However, more accurate geometry be achieved using a Bennu shape model provided in the PDS SPICE Archive. These shape models are included in the download configuration. Here are the commands to add the Bennu global shape model:

spiceint from=20190608T005825S208_map_iofL2pan.cub shape=user  model='$osirisrex/kernels/dsk/bennu_g_00880mm_alt_obj_0000n00000_v020.bds'
caminfo from=20190608T005825S208_map_iofL2pan.cub to=20190608T005825S208_map_iofL2pan.shape.pvl

This provides significant differences in the geometry at the image center pixel:

Object = Caminfo
  Object = Parameters
    Program     = caminfo
    IsisVersion = "3.6.1  | 2019-03-14"
    RunDate     = 2020-12-24T00:27:24
    IsisId      = OsirisRex/MapCam/3/0613227461.18586
    From        = 20190608T005825S208_map_iofL2pan.cub
    Lines       = 1024
    Samples     = 1024
    Bands       = 1
  End_Object

  Object = Geometry
    BandsUsed                  = 1
    ReferenceBand              = 1
    OriginalBand               = 1
    Target                     = Bennu
    StartTime                  = 2019-06-08T00:58:25.1174066
    EndTime                    = 2019-06-08T00:58:25.1174066
    CenterLine                 = 512.0
    CenterSample               = 512.0
    CenterLatitude             = 35.086418504259
    CenterLongitude            = 113.89307044494
    CenterRadius               = 237.1296211857
    RightAscension             = 149.07911245571
    Declination                = 73.981202394152
    UpperLeftLongitude         = 184.9904178025
    UpperLeftLatitude          = 1.3951185242827
    LowerLeftLongitude         = NULL
    LowerLeftLatitude          = NULL
    LowerRightLongitude        = NULL
    LowerRightLatitude         = NULL
    UpperRightLongitude        = 342.05371523198
    UpperRightLatitude         = 41.973934677567
    PhaseAngle                 = 93.751824402723
    EmissionAngle              = 49.949588401748
    IncidenceAngle             = 44.61319428432
    NorthAzimuth               = 328.67918931029
    OffNadir                   = -0.38474451979357
    SolarLongitude             = 115.53347331512
    LocalTime                  = 13.860761060282
    TargetCenterDistance       = 6.441179974304
    SlantDistance              = 6.2924667392907
    SampleResolution           = 0.42720421153331
    LineResolution             = 0.42720421153331
    PixelResolution            = 0.42720421153331
    MeanGroundResolution       = 0.43286681459891
    SubSolarAzimuth            = 94.333458422955
    SubSolarGroundAzimuth      = 224.5047216131
    SubSolarLatitude           = 2.2167791149862
    SubSolarLongitude          = 85.981654540718
    SubSpacecraftAzimuth       = 266.63868209054
    SubSpacecraftGroundAzimuth = 49.257236981647
    SubSpacecraftLatitude      = 51.079668331088
    SubSpacecraftLongitude     = 182.07154654678
    ParallaxX                  = -0.77642636079605
    ParallaxY                  = 0.90131734129353
    ShadowX                    = 0.70362754056187
    ShadowY                    = -0.69156684702591
    HasLongitudeBoundary       = TRUE
    HasNorthPole               = TRUE
    HasSouthPole               = FALSE
  End_Object
End_Object
End

Another geometry precision enhancement can be adding by applying the center of gravity structure offsets. This should work in the current system.

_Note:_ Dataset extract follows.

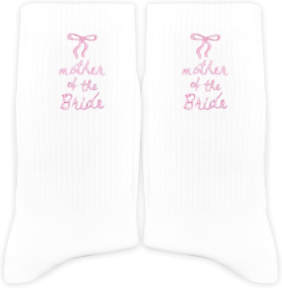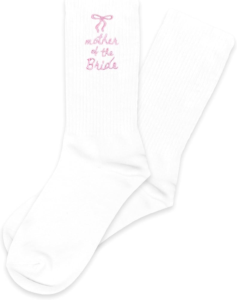 Celebrate the wedding day with these charming mother of the bride embroidered socks. Featuring a sweet pink bow and elegant script on a clean white base, these socks are a heartfelt accessory for the bride's mom. Perfect for wedding morning photos, thoughtful gift boxes, or as a lasting keepsake to treasure long after the celebration.

The NAIF DSK toolkit containing ray tracing methods is the default when a DSK (.bds) is provided. Using the Bullet ray tracing engine (which OREX/IPWG uses for all geometry) will improve mapping efficiency and provides occlusion detection enhancements. We do not recommend using the Embree ray tracing engine as we have encountered significant problems in our testing. We do not know the state/capabilities of these ray tracing functions in the current version of ISIS.

One important difference with MapCam camera model in UA/ISIS is it uses the OpenCV calibration model to correct for detector distortion. I recommend you process a PolyCam image as well. It uses the old distortion model and may be a better test.

KrisBecker commented 3 years ago

BTW, here is the kernel configuration on the UA/ISIS system for 20190608T005825S208_map_iofL2pan.cub that produced the ellipsoid results:

  Group = Kernels
    NaifFrameCode             = -64361
    LeapSecond                = $base/kernels/lsk/naif0012.tls
    TargetAttitudeShape       = $osirisrex/kernels/pck/bennu_v16.tpc
    TargetPosition            = (Table, $osirisrex/kernels/tspk/de424.bsp,
                                 $osirisrex/kernels/tspk/bennu_refdrmc_v1.bsp,
                                 $osirisrex/kernels/pck/pck00010.tpc)
    InstrumentPointing        = (Table,
                                 $osirisrex/kernels/ck/orx_sc_rel_190603_19060-
                                 9_v02.bc, $osirisrex/kernels/fk/orx_v14.tf)
    Instrument                = ($osirisrex/kernels/ik/orx_ocams_v07.ti,
                                 $osirisrex/kernels/fk/orx_struct_mapcam_v01.b-
                                 c)
    SpacecraftClock           = $osirisrex/kernels/sclk/orx_sclkscet_00061.tsc
    InstrumentPosition        = (Table,
                                 $osirisrex/kernels/spk/orx_190601_190625_1906-
                                 14_od154_v1.bsp)
    InstrumentAddendum        = $osirisrex/kernels/iak/orex_ocams_addendum_v1-
                                0.ti
    ShapeModel                = Null
    InstrumentPositionQuality = Reconstructed
    InstrumentPointingQuality = Reconstructed
    CameraVersion             = 2
  End_Group
End_Object

jlaura commented 3 years ago

@Kelvinrr Is this work completed?

KrisBecker commented 3 years ago

Hi @Kelvinrr, @jessemapel, et al...

Just wanted to let you know that the OREX team has released more data to the PDS, including kernels.

This update provides kernel coverage through 2020-08-17.

It should be a very simply process to add these kernels to ISIS using the kernel maintenance script. Just rerun with the OREX PDS configuration and it will add the new kernels to ISIS and create new versions of the kernel DBs. It should not impact any s/w app tests.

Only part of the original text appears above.